**What you are asked to do**
Write out the records below from the first line through the line containing "Baby ombord på", leaving out any pictures.

Recorded data

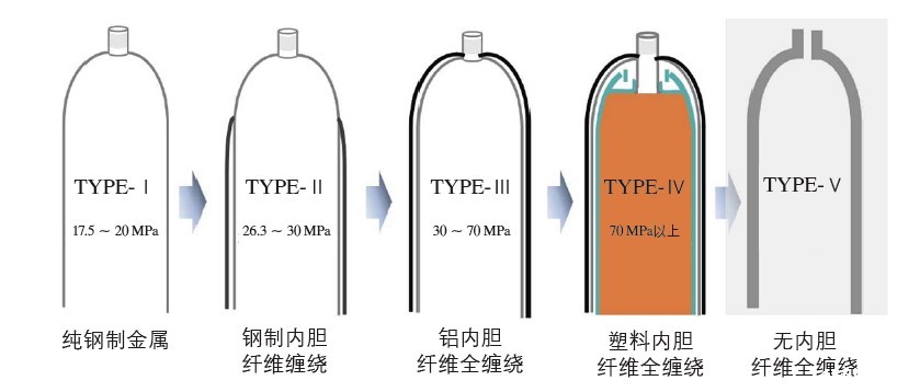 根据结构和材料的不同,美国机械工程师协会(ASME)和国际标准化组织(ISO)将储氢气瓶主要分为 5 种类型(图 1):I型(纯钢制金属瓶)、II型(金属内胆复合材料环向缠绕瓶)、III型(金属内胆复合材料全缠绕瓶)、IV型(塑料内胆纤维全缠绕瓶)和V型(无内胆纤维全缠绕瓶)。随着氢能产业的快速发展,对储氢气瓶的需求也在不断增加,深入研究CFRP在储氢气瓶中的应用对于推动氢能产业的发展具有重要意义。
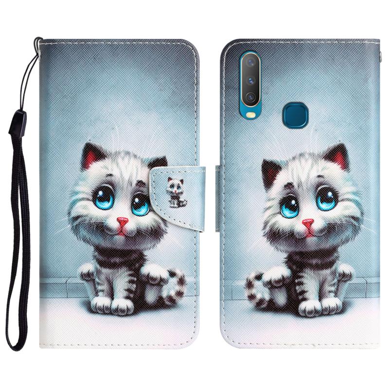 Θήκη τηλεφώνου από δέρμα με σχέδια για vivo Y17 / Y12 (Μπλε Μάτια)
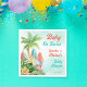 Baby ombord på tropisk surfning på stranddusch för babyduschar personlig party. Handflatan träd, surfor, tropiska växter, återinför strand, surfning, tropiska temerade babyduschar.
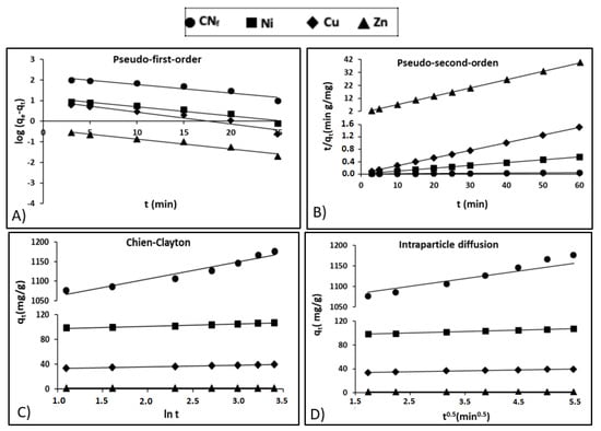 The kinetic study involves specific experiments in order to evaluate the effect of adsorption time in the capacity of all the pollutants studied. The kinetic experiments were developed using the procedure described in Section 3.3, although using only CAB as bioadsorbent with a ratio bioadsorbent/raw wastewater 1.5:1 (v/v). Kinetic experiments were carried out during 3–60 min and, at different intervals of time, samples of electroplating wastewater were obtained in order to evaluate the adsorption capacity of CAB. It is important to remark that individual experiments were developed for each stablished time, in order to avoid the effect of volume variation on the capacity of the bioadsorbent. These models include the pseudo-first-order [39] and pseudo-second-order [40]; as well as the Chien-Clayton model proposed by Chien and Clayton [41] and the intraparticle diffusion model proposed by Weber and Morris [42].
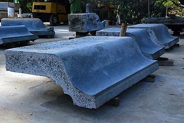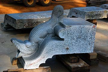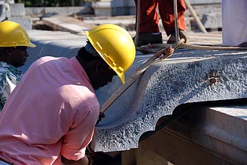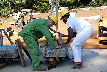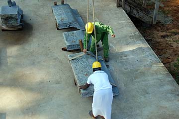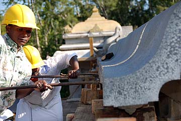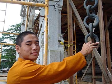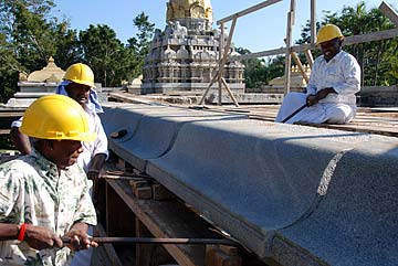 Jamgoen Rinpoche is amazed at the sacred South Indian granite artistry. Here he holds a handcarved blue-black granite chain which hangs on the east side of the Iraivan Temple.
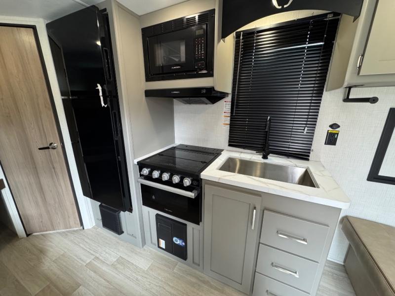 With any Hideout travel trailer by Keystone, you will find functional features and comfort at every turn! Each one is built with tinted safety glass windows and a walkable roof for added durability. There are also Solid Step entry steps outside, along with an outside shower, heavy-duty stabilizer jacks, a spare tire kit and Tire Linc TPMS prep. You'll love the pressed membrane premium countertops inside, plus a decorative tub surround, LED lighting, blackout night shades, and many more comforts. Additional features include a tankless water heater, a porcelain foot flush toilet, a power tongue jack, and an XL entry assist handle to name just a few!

**Exercise response**
 根据结构和材料的不同,美国机械工程师协会(ASME)和国际标准化组织(ISO)将储氢气瓶主要分为 5 种类型(图 1):I型(纯钢制金属瓶)、II型(金属内胆复合材料环向缠绕瓶)、III型(金属内胆复合材料全缠绕瓶)、IV型(塑料内胆纤维全缠绕瓶)和V型(无内胆纤维全缠绕瓶)。随着氢能产业的快速发展,对储氢气瓶的需求也在不断增加,深入研究CFRP在储氢气瓶中的应用对于推动氢能产业的发展具有重要意义。
 Θήκη τηλεφώνου από δέρμα με σχέδια για vivo Y17 / Y12 (Μπλε Μάτια)
 Baby ombord på tropisk surfning på stranddusch för babyduschar personlig party. Handflatan träd, surfor, tropiska växter, återinför strand, surfning, tropiska temerade babyduschar.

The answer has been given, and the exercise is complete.